# What is being asked
Since the records include pictures, leave those out while you reproduce exactly and only the lines from the one containing "Green Super Kazak" through the one containing "Cratere a campana", inclusive.

Dataset records section start

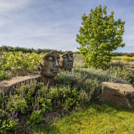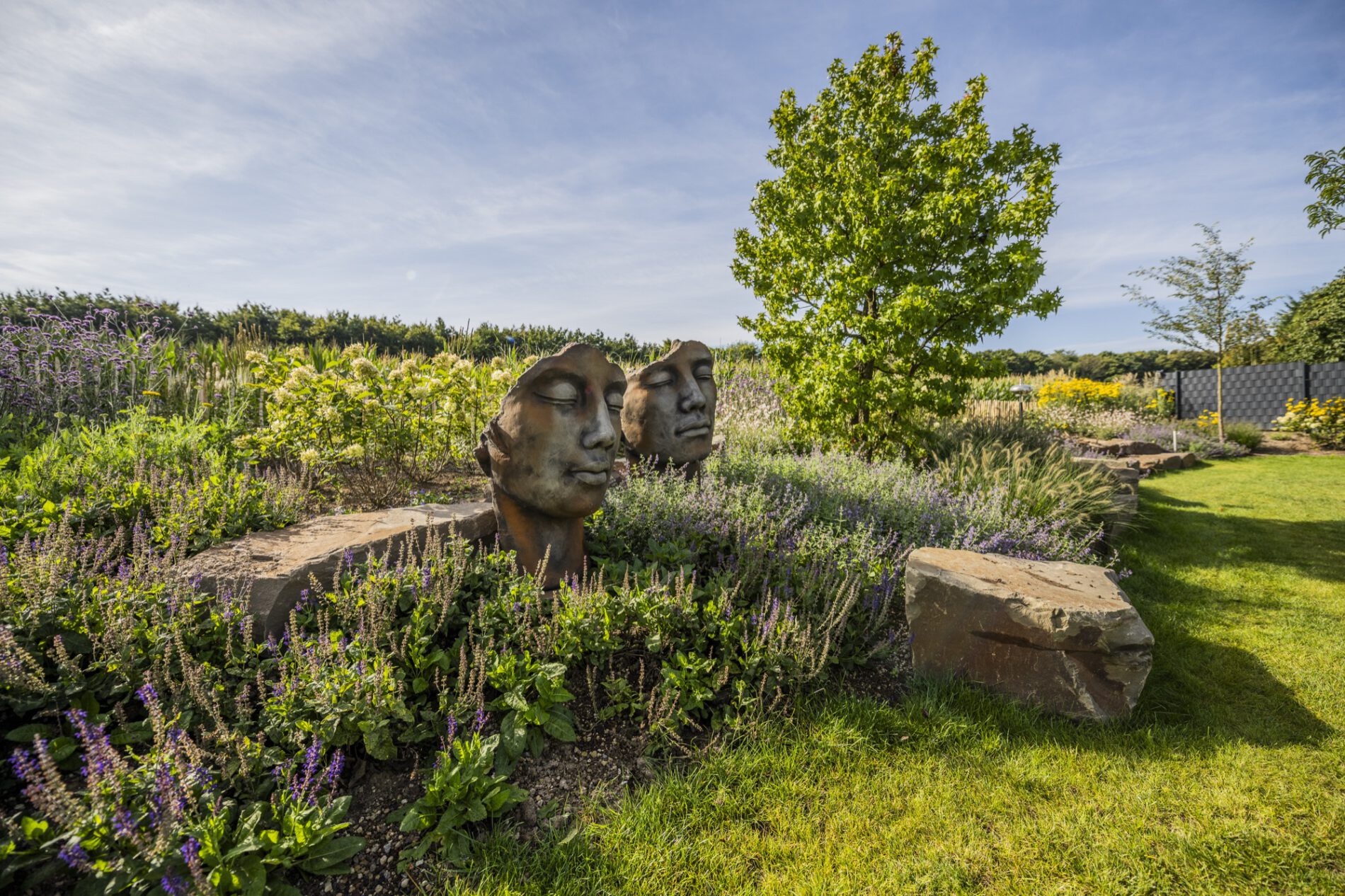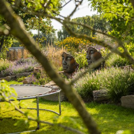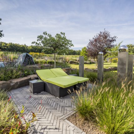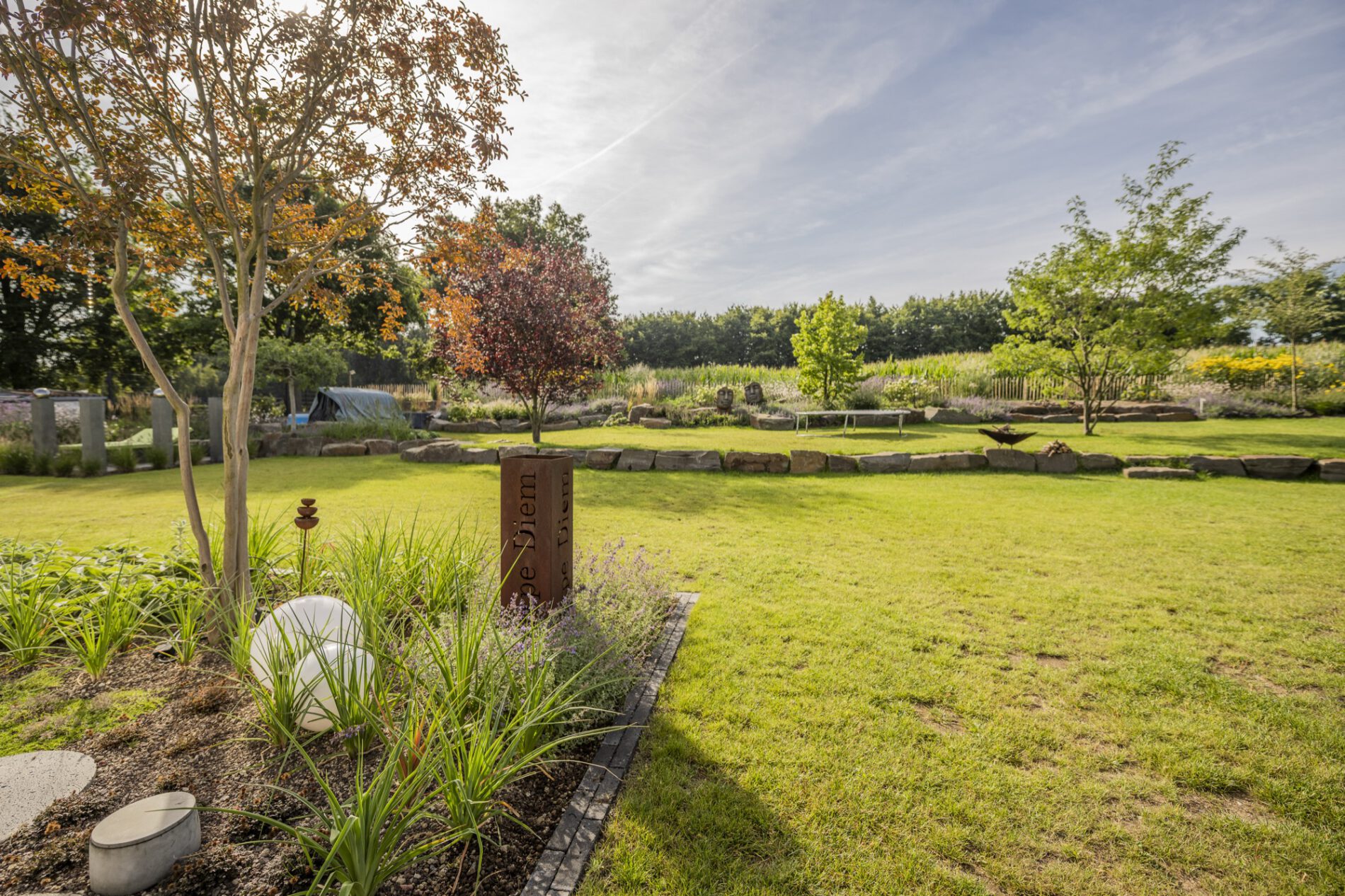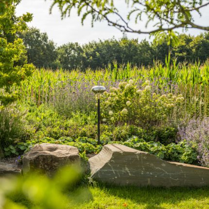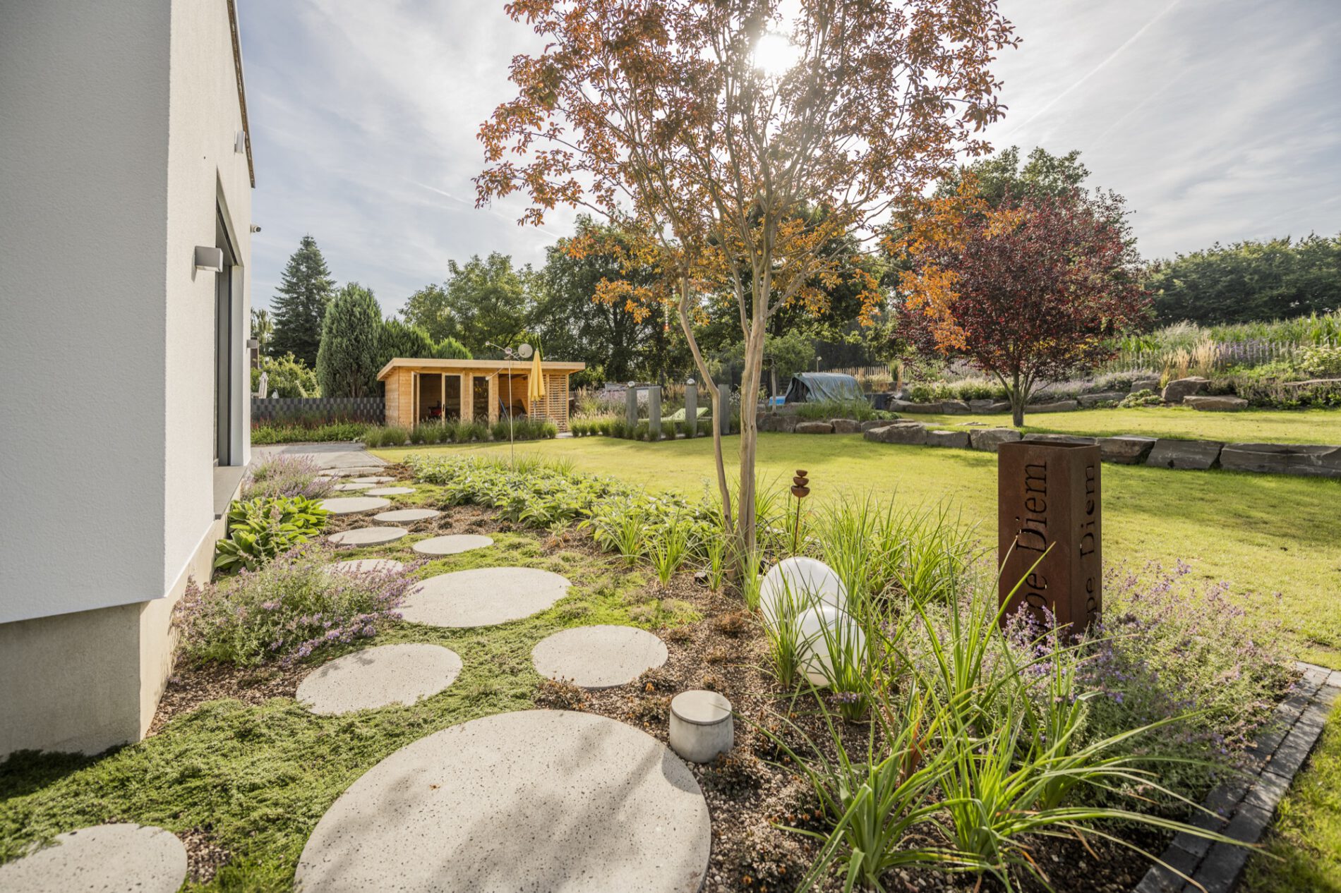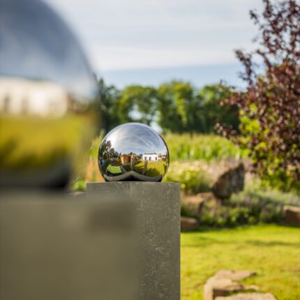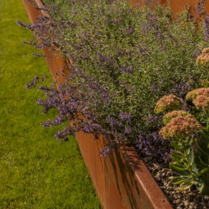 Als ruhigen, grafischen Gegenpol haben wir drei schlanke Steinstelen mit polierten Chromkugeln gesetzt – sie fangen das Licht ein und spiegeln die umliegenden Gräser. Ein ähnliches Spiel mit Reflektion und Kontrast übernimmt die Cortenstahl-Einfassung am Hauptbeet: Die rostrote Patina korrespondiert mit dem warmen Braun des Sandsteins, während die Katzenminze in Wolken über die Kante fließt. So wird dieser naturnahe Garten an keiner Stelle „wild im Sinne von ungepflegt” – sondern bewusst gestaltet, nur eben mit einem anderen Ordnungsprinzip als der klassische Ziergarten.
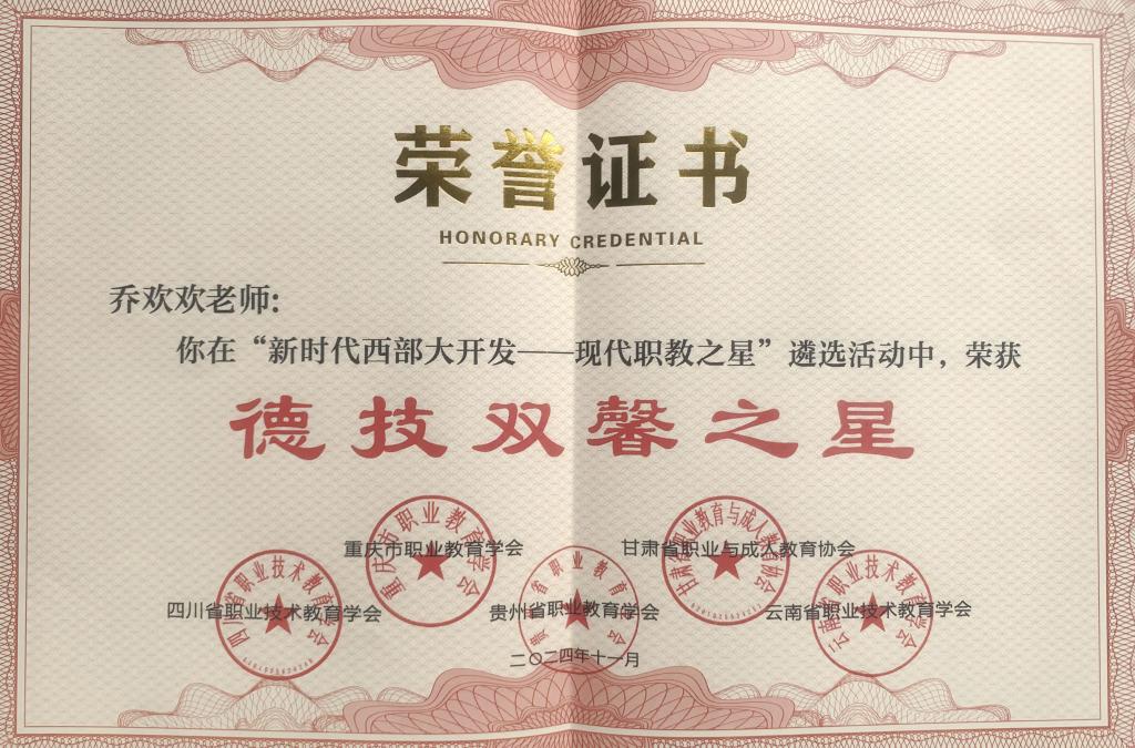 团队主持人乔欢欢获“德技双馨之星”教师称号
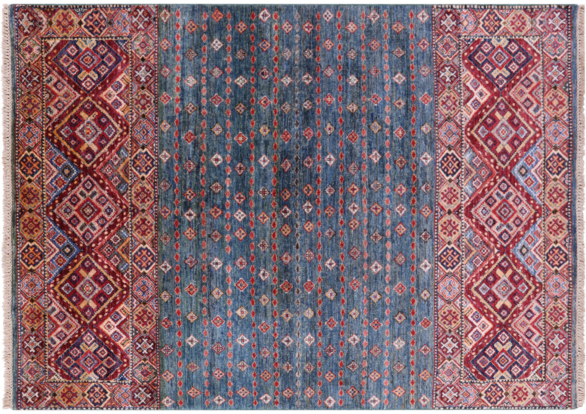 Green Super Kazak Khorjin Handmade Wool Rug 4' 11" X 6' 9" - Q7632
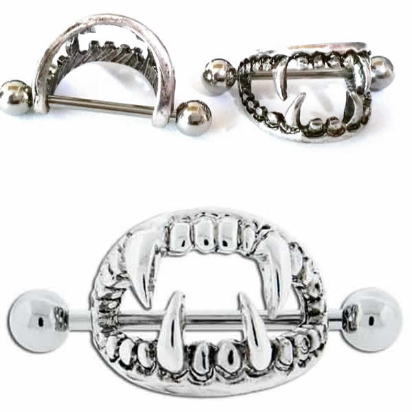吸血鬼をモチーフにしたニップルボディピアス。鋭利な牙が乳首に噛みつくスタイリッシュなボディピアス。ハロウィンの仮装やナイトクラブで見せたくなるニップルピアス。下着感覚で楽しみたいランジェリーボディピアス。
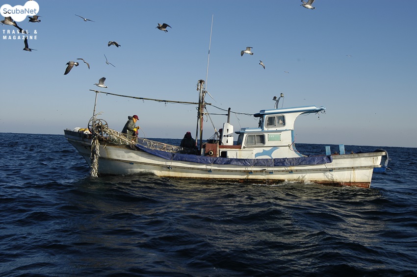 수중에 내린 그물에도 까나리들이 가득 꽂혀 있다
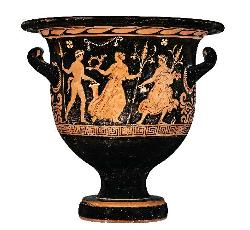 Cratere a campana apulo a figure rosse. Lato A: Dioniso e satiro; Lato B: due giovani ammantati
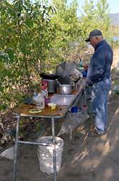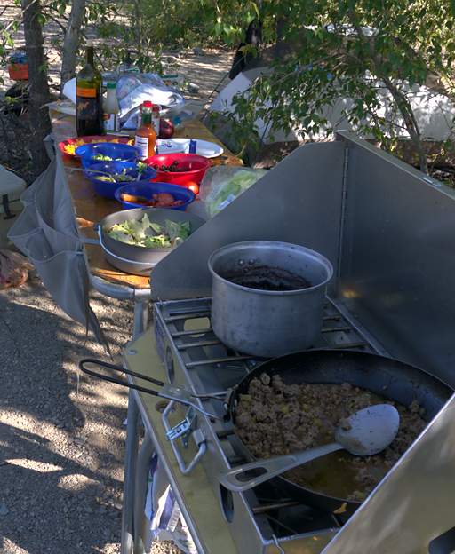 I was on for breakfast on day three. I had a simple granola and yogurt planned, but with a treat of cinnamon rolls. I made the dough up after dinner and watched it not rise. I think I got mom's recipe wrong, because it says to mix up the dough and then let it rise overnight in the fridge. That doesn't make sense, as it needs to be warm to ferment. I think you're supposed to let it rise, then store it in the fridge overnight. Anyhoo, I rolled it out, using my arm as a rolling pin. spread cinnamon and sugar liberally all over, sprinkled on a boatload of raisins, rolled it up, cut it into rolls, and filled the dutch oven with them. I stuck them in one of the coolers to rise some more overnight. In the morning I started some charcoal and sat the dutch oven near the charcoal to try and coax them into rising at least a little. When the charcoal was ready, I put nine briquettes on top and six on the bottom; I don't think that was quite enough but it's all I had started so it would have to do. It seemed like they were never going to get done, but when we finally opened them up to eat they were perfect. Wow! A real treat, I was pretty proud. They disappeared in an instant. Yum!
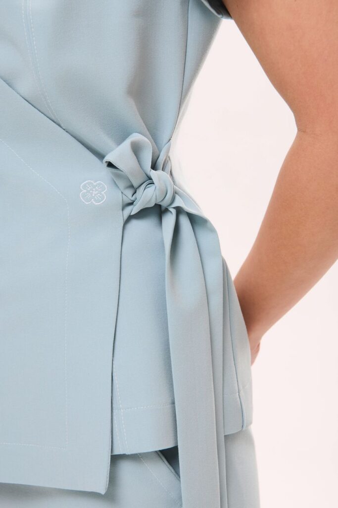 JACKET w odcieniu niebieskim to Tunika medyczna damska o kopertowym kroju, delikatnie dopasowana, wiązana w pasie, świetnie podkreśla sylwetkę, a klasyczny dekolt w serek z ukrytym zapięciem gwarantuje wygodę noszenia.

Dataset records section end

# Exercise result
 Green Super Kazak Khorjin Handmade Wool Rug 4' 11" X 6' 9" - Q7632
吸血鬼をモチーフにしたニップルボディピアス。鋭利な牙が乳首に噛みつくスタイリッシュなボディピアス。ハロウィンの仮装やナイトクラブで見せたくなるニップルピアス。下着感覚で楽しみたいランジェリーボディピアス。
 수중에 내린 그물에도 까나리들이 가득 꽂혀 있다
 Cratere a campana apulo a figure rosse. Lato A: Dioniso e satiro; Lato B: due giovani ammantati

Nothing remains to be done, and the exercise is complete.